The run trains SmolLM2 on HuggingFaceTB/smol-smoltalk and evaluates the aggregated global model on the server after each round.

Key configuration snippet

[server]
do_test = true

[trainer]
type = "HuggingFace"
model_type = "huggingface"
model_name = "HuggingFaceTB/SmolLM2-135M"
tokenizer_name = "HuggingFaceTB/SmolLM2-135M-Instruct"
max_concurrency = 1
gradient_accumulation_steps = 4
gradient_checkpointing = true
target_perplexity = 50

[evaluation]
type = "lighteval"
preset = "smollm_round_fast"
primary_metric = "ifeval_avg"
backend = "transformers"
batch_size = 1
model_parallel = false
device = "cuda:0"
show_progress = true
max_samples = 32

What the preset runs

smollm_round_fast evaluates five tasks:

  • IFEval
  • HellaSwag
  • ARC Easy
  • ARC Challenge
  • PIQA

Plato normalizes their outputs into the following summary metrics:

  • ifeval_avg
  • hellaswag
  • arc_easy
  • arc_challenge
  • arc_avg
  • piqa

Sampling behaviour

max_samples = 32 is a per-task cap, not a global cap.

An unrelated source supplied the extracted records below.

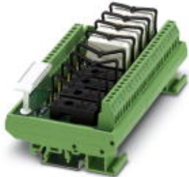
VARIOFACE module, for 8 plug-in miniature relays or miniature optocouplers, with LED, 110 V DC input voltage

Please be informed that the data shown in this PDF Document is generated from our Online Catalog. Please find the complete data in the user's documentation. Our General Terms of Use for Downloads are valid ( http://phoenixcontact.com/download )
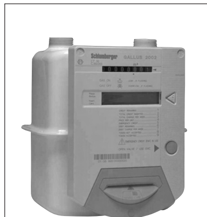
Gallus 2002 (Budget meter: see product sheet)
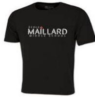
Atc™ EuroSpun Tee
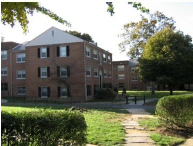
Mayfair Mansions Renovation Washington, DC
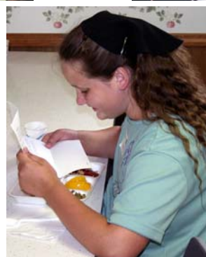
Ti Ta Ti Ta Ta Ta-a-a Shake the Papaya Do-o-wn

From Monday at 1:02 A.M. to Tuesday at 5:49 P.M., 53 e-mail messages were retrieved from the choralcamp mailbox.
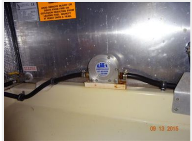
31' Camano Algae-X fuel conditioning system

That means the run evaluates up to 32 examples from each task, using a deterministic shuffled subset inside Lighteval. This is useful for fast round-by-round feedback, but it produces partial benchmark numbers rather than full leaderboard-style scores.

Result logging

The runtime CSV is the canonical result log. Summary columns can be declared up front:

[results]
types = "round, elapsed_time, accuracy, train_loss, evaluation_ifeval_avg, evaluation_hellaswag, evaluation_arc_avg, evaluation_piqa"

Plato also appends detailed Lighteval metrics automatically when they appear, for example:

  • evaluation_ifeval_prompt_level_strict_acc
  • evaluation_ifeval_prompt_level_loose_acc
  • evaluation_ifeval_inst_level_loose_acc
  • evaluation_arc_easy_acc
  • evaluation_arc_challenge_acc_stderr
  • evaluation_hellaswag_em
  • evaluation_piqa_em

So you can start with the summary columns above and still get the detailed task metrics in the same CSV file.

Runtime notes

  • batch_size = 1 and model_parallel = false are conservative defaults intended for reliable server-side evaluation on multi-GPU hosts.
  • device = "cuda:0" keeps the evaluator on one explicit GPU instead of relying on broad multi-GPU auto-detection.
  • If you want evaluator failures to stop the run, add:
[evaluation]
fail_on_error = true

Otherwise Plato logs the evaluator exception and continues the training run without structured benchmark outputs for that round.